What Is a Precessing Ellipse and How Does It Relate to Orbital Dynamics?

[siddharth]

Suppose that the force of attraction between the sun and the Earth is
F = GMm(\frac{1}{r^2} + \frac{\alpha}{r^3})
Where \alpha is a constant. Show that the orbit does not close on itself but can be described as a precessing ellipse. Find an expression for the rate of precession of the ellipseFirst, of all what is a precessing ellipse?I'm working in polar coordinates r, \theta. Assuming that the sun does not move and is fixed at the orgin of the coordinate system, the equation I get is

u= \frac{1}{r} = \frac{GMm^2}{L^2}(1+e\cos( A^\frac{1}{2} (\theta - \theta_{0})))

Where A= (1-\frac{GM \alpha m^2}{L^2})
So how do I show the above parametric equation (if it is correct) describes a precessing ellipse?

 

[Physics Monkey]

A precessing ellipse is one where the effective semi-major axis rotates or "precesses".

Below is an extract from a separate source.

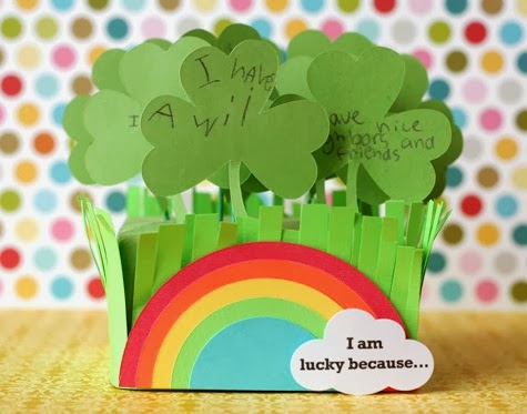 I am Lucky Because ~ Cover a block of styrofoam in green tissue paper. To make the fringe-cut two strips of green cardstock and adhere (spray glue is best) around the edges. Have family members write down reasons they are lucky on cardstock shamrocks and tape to green toothpicks and insert into the foam. Cut out circles in rainbow colors in descending sizes using, layer and adhered them altogether centered and cut in half.

I would start by plotting r(\theta) in polar coordinates if you can. That will make it clear exactly what's going on.

Edit:
Here is a great little applet I just found that plots in polar. Put in some values for you constants and see what happens. http://www.ies.co.jp/math/java/calc/sg_kyok/sg_kyok.html

 

[Astronuc]

Presumably one shows that r(\theta) \neq r(\theta+2\pi)

 

[siddharth]

Astronuc, why should that be true?
For example, in the polar equation
r=\frac{1}{1+\epsilon \cos \theta }
The value of \epsilon determines if the equation represents an ellipse parabola or hyperbola. For parabola and hyperbola, even though it is an open orbit
r(\theta) = r(\theta+2\pi)

 

[Physics Monkey]

Be careful, when talking about a hyperbola or parabola going from r(\theta) to r(\theta+2\pi) the orbit passes through infinity. So the orbit is sort of "closed" in a mathematical sense i.e. the particle can "go to infinity" and then return, but you encounter a singluarity on that path. So physicists wouldn't say the orbit is closed since it isn't bounded even though mathematically r(\theta) = r(\theta+2\pi) (in fact the physical particle can never make it around the whole orbit in finite time). In your case the orbit is bounded so it makes sense to ask whether it is closed or not in the sense of Astronuc.

 

[HallsofIvy]

r(\theta) \neq r(\theta+2\pi) because a "precessing ellipse" is not an ellipse! It is close to an ellipse but does not "close". The second time around, the orbit is close to another ellipse with a slightly different major axis. The rate at which that major axes rotates is the "rate of precession".
Have you checked google for "precessing ellipse"? I did and it took about 1 minute to find a complete solution to precisely this problem. I considered posting the website but then decided we should at least make you look it up yourself!

 

[siddharth]

I found the site. Thanks for your help!

 

[lightgrav]

The old-fashioned way to look at slowly precessing slightly ellipical orbits is to consider an "effective" potential which includes the angular momentum term (L^2/ 2 m r^2), which then treats the radial motion as 1-d oscillation across a potential-Energy minimum. Its oscillation period (for small amplitude, at least) will be same as orbit period if alpha=0 .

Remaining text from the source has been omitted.